Чем-то с самого начала были неприятны эти стеклянные шары на шестах. Быть может, поэтому Колесников старался не обращать на них внимания, пытался забыть о них, хотя они попадались через каждые двадцать метров. На площадке, где водоем с лилиями, этих шаров было целых три!
Украшение старомодных парков? Э нет! Совсем не так безобидно.

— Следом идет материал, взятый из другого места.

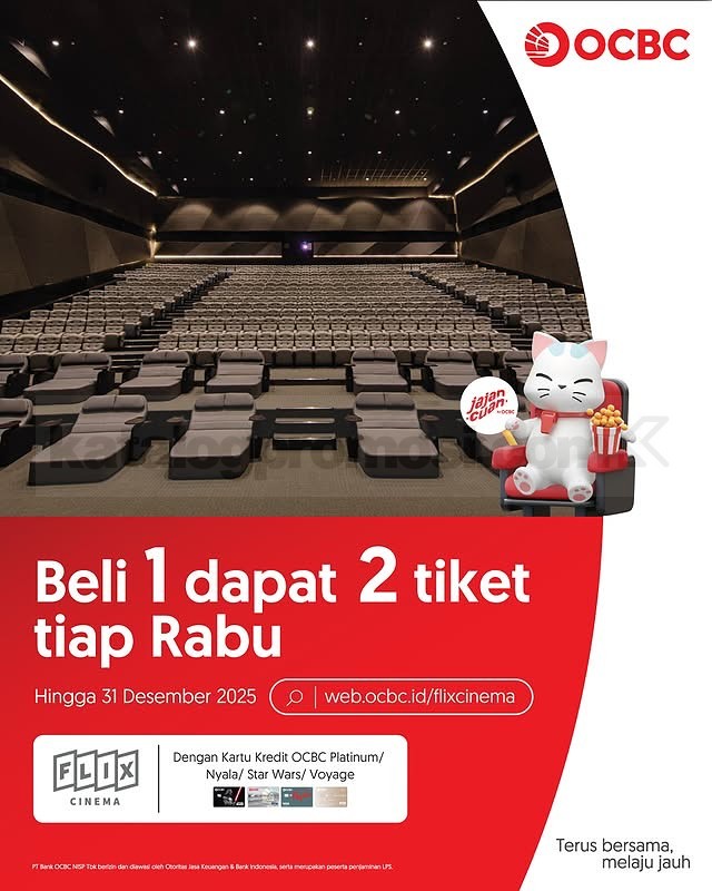 Promo FLIX Cinema Minggu Ini diskon tiket film Indonesia, beli 1 dapat 2, hingga cashback bank berlaku di berbagai lokasi sampai November & Desember 2025.

Колесников вплотную приблизился к шару.
Какой же это шар? Это линза, закрепленная на вертикальной трубе! Иначе говоря, перископ, подобие перископа!
Отвернувшись от линзы, он напряженно вглядывался во что-то внизу среди кустов. Лохмотья одежды?

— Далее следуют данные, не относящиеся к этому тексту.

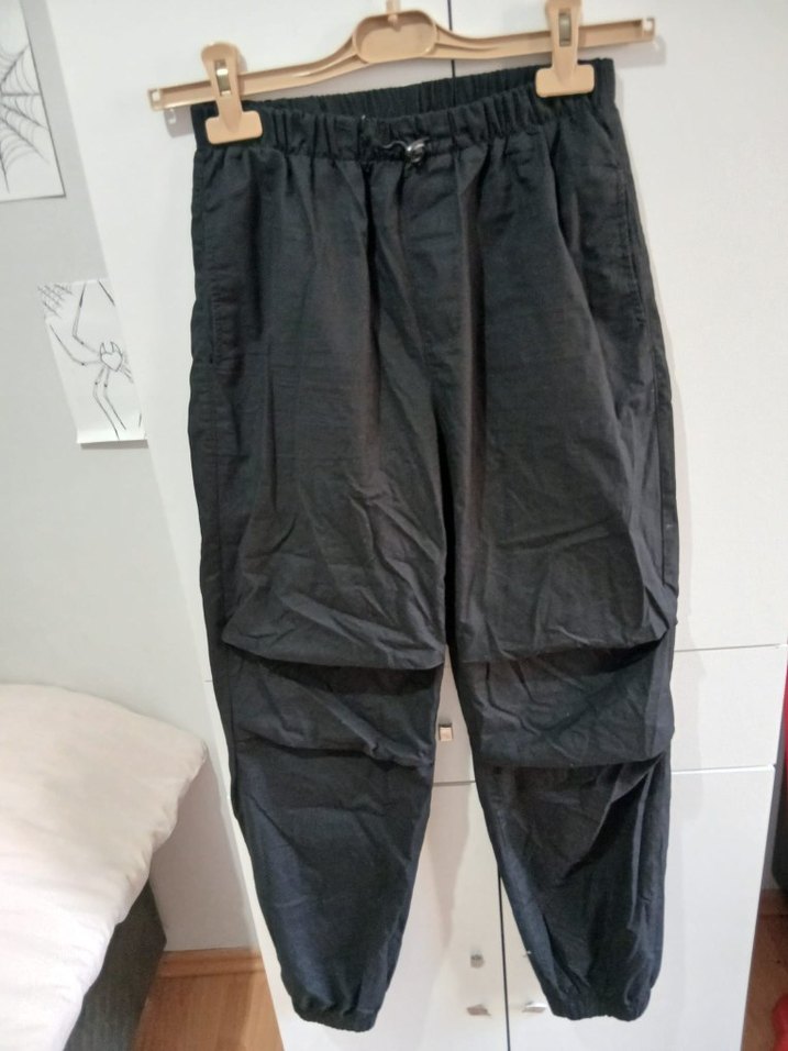 Siyah keten kumaştan, rahat kesimli ve paraşüt model Sokak stili ve athleisure rahatlığını bir arada sunar, dış mekan kullanımı için uygundur.

Придерживаясь за стволы деревьев, оскользаясь в мокрой траве. Колесников съехал на пятках к подножию обрыва.
Да, лохмотья! Обрывки серого женского халата. Клок рукава от полосатой куртки. Резиновая детская подвязка. Все, что осталось от людей, которых пригнали сюда вороны-вентиляторы!
Трупов у подножия обрыва нет. Их своевременно убрали. Нельзя не отдать должное здешнему обслуживающему персоналу — в саду поддерживается образцовый порядок.
Но можно ли вытравить память о совершенном преступлении? Память об убийствах пропитала весь сад, каждую травинку, каждый цветок, как кровь пропитывает землю.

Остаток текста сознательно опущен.